I practice lightness in every aspect of love, I give my WHOLE HEART in each fractal of love, exactly as wholeness looks. It's like the river stones, like the plants—all sized and shaped differently, all whole as what they are.
How weird would the river be with all same-sized stones, how improbable for it to have only one stone, how natural for me to linger with my favorite stones, collect them all together, how strange to pitch ones I dislike hatefully back to the flow.
What is “a relationship?” Please, will someone tell me what that means? "I am in a relationship now." WHAT on earth does it mean? Can I touch it? Is it in the room with us now? What was there before it? Do you really believe you're only in this one? What makes this one so different from all the others?
As we move away from the VERY recent ancestral grief that was women's engineered economic dependence upon men, it’s time to rethink what relationship even means. What is partnership for? What is marriage for? What do we want to expect out of marriage and partnership?

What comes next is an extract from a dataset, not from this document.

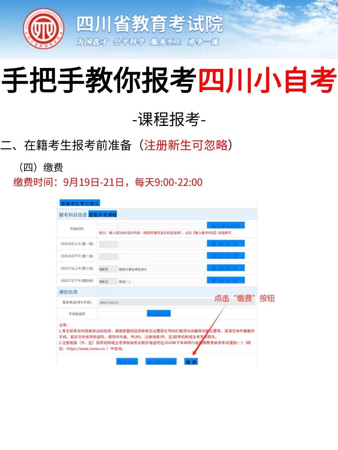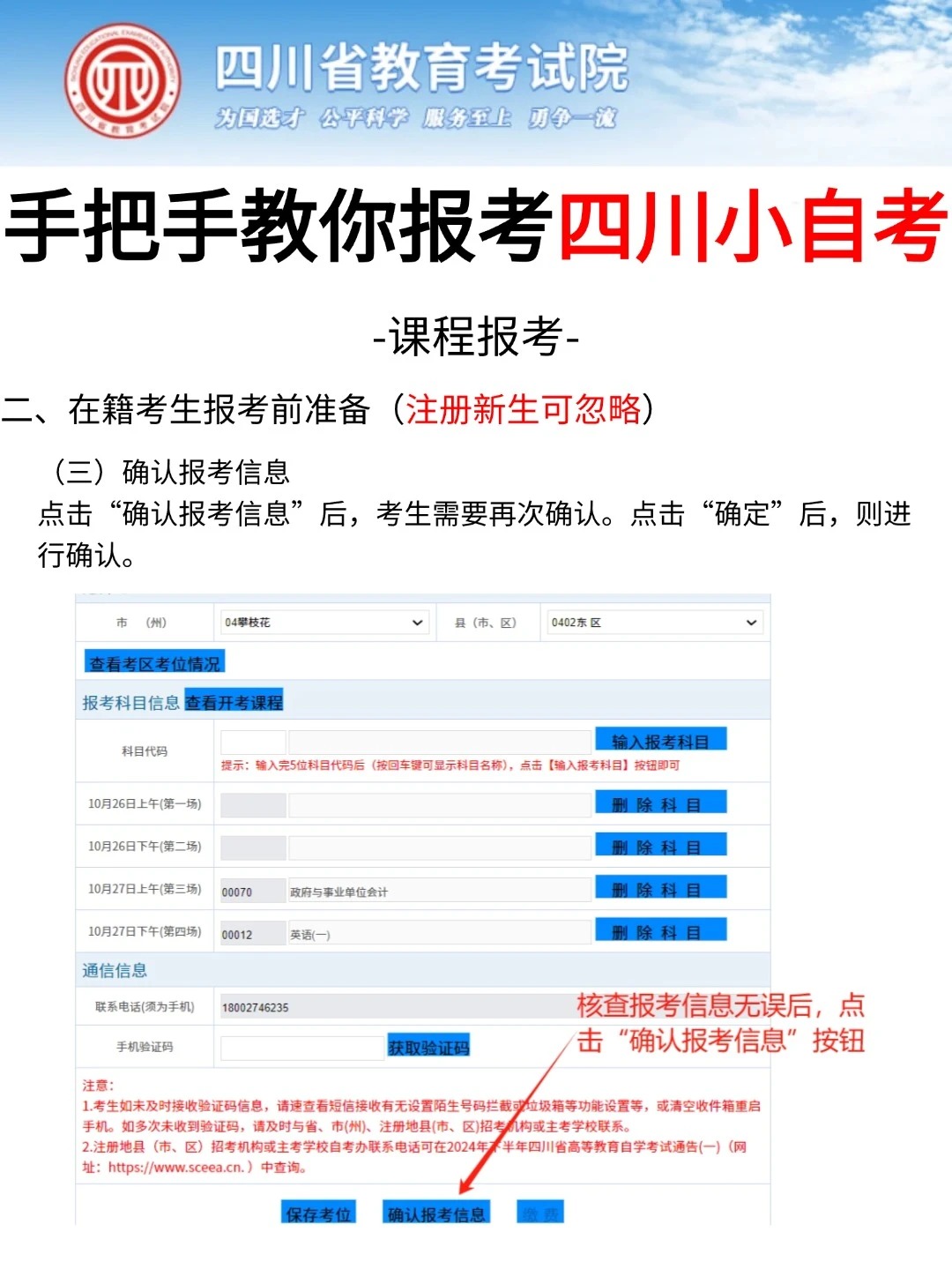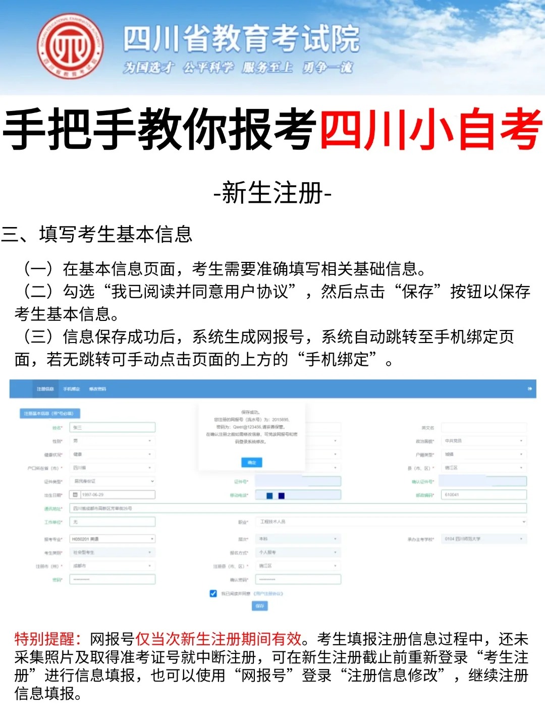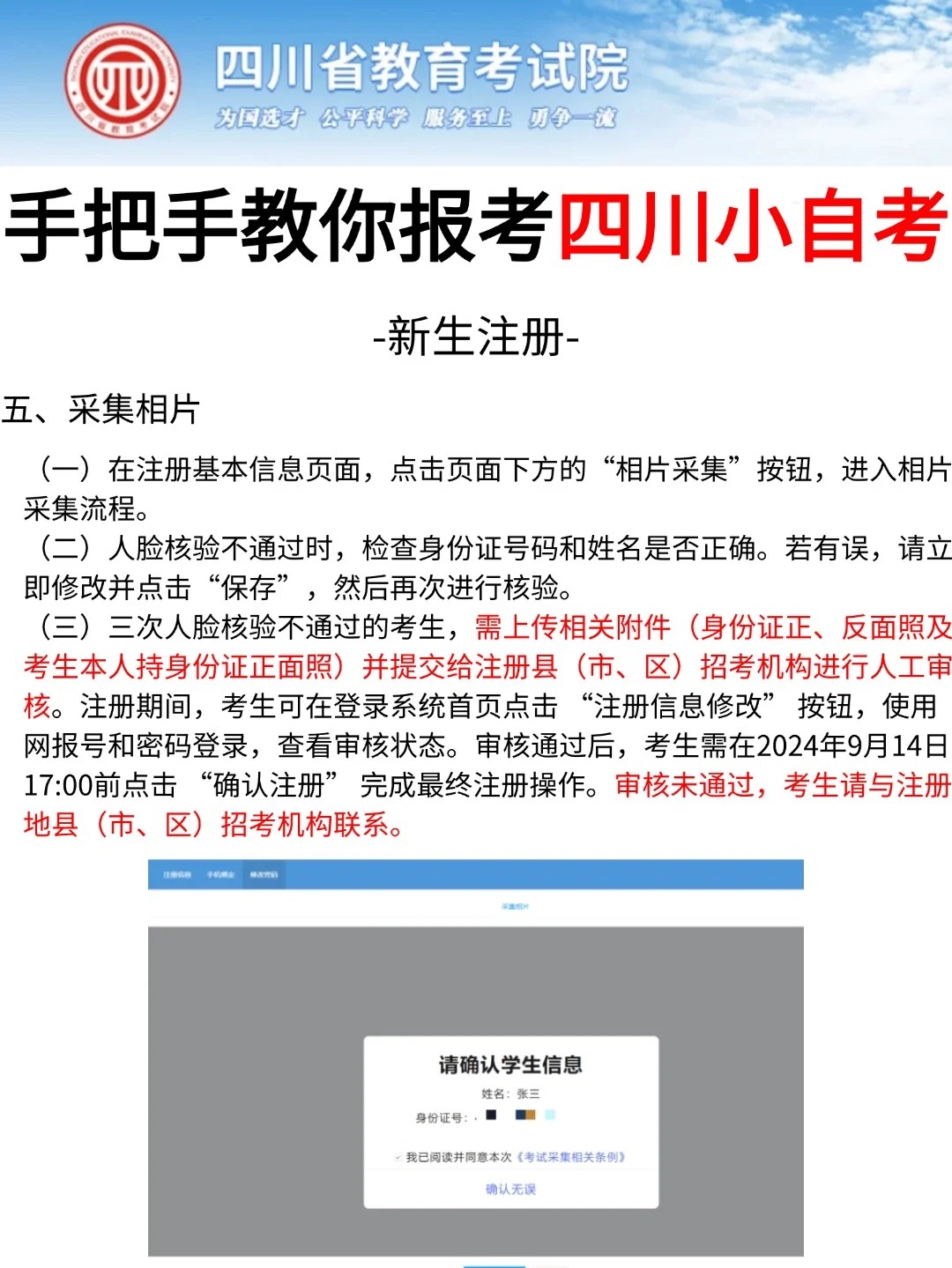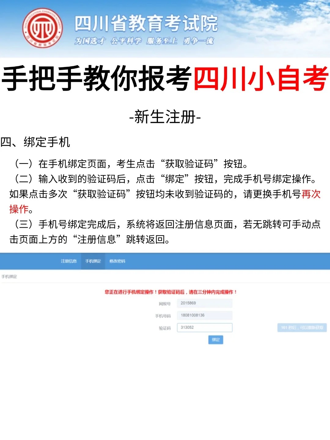 四川省考试院发布了自考考试网上新生注册以及课程报考系统

Without a rigidly-enforced religious or economic context, what is the role of this rigid dyad? Without the interdictions of a rigid dyad, what intimacies naturally arise, what compatibilities align me with who and how?
Two years without a rigid dyad, I've had three domestic partnerships and a work husband, multiple lovers and platonic bedmates, familial relationships as auntie and alloparent, and a LOT of acquaintances, some of which flourished and died, some of which will always be a light friendly familiarity, some of which feel to be biding their time to develop into more.
All of this on top of my existing structures of family and friends on the east coast and around the world, and my clients and audience in my work.
I did not set out to build community, nor to build relationships, especially not a romantic dyad or sacred union. I related and allowed the relating to inform the relating. I called EVERY man my husband and received of his provision (or I didn't call him at all). I applied vigorous values and relentless personal responsibility and integrity, because that is genuinely who I want to be in the world NOT because people would hopefully like it.
(Often people do not like it or do not understand it. As often as not my empowerment lands as a harshness, my integrity as superiority, my values as judgments. This is the repulsion aspect of manifestation, that I am directly unappealing to what is not aligned for me. I am as happy to be perceived this way as any other way. Trust me, you could never be as disgusted with me as I have been.)
I practiced the sacred union within me and in my relationship to the world, which as my new wifey just pointed out means in every human relationship, individually, in my life.
There is no community. There is no world. There is no partnership, no marriage, no "being in a relationship."
There is me and you, here and now. Me and room, me and forest, me and river, me and dog. Me and food, me and ball, me and housemate. Me and ground, me and gravity, me and me and me and me and my body and my thoughts and my sensations and my ability to somehow take an observer role in this? Or more than one? Me and WHO??
EVERYTHING is relationship.
I am skilled in relationship; the world is my oyster.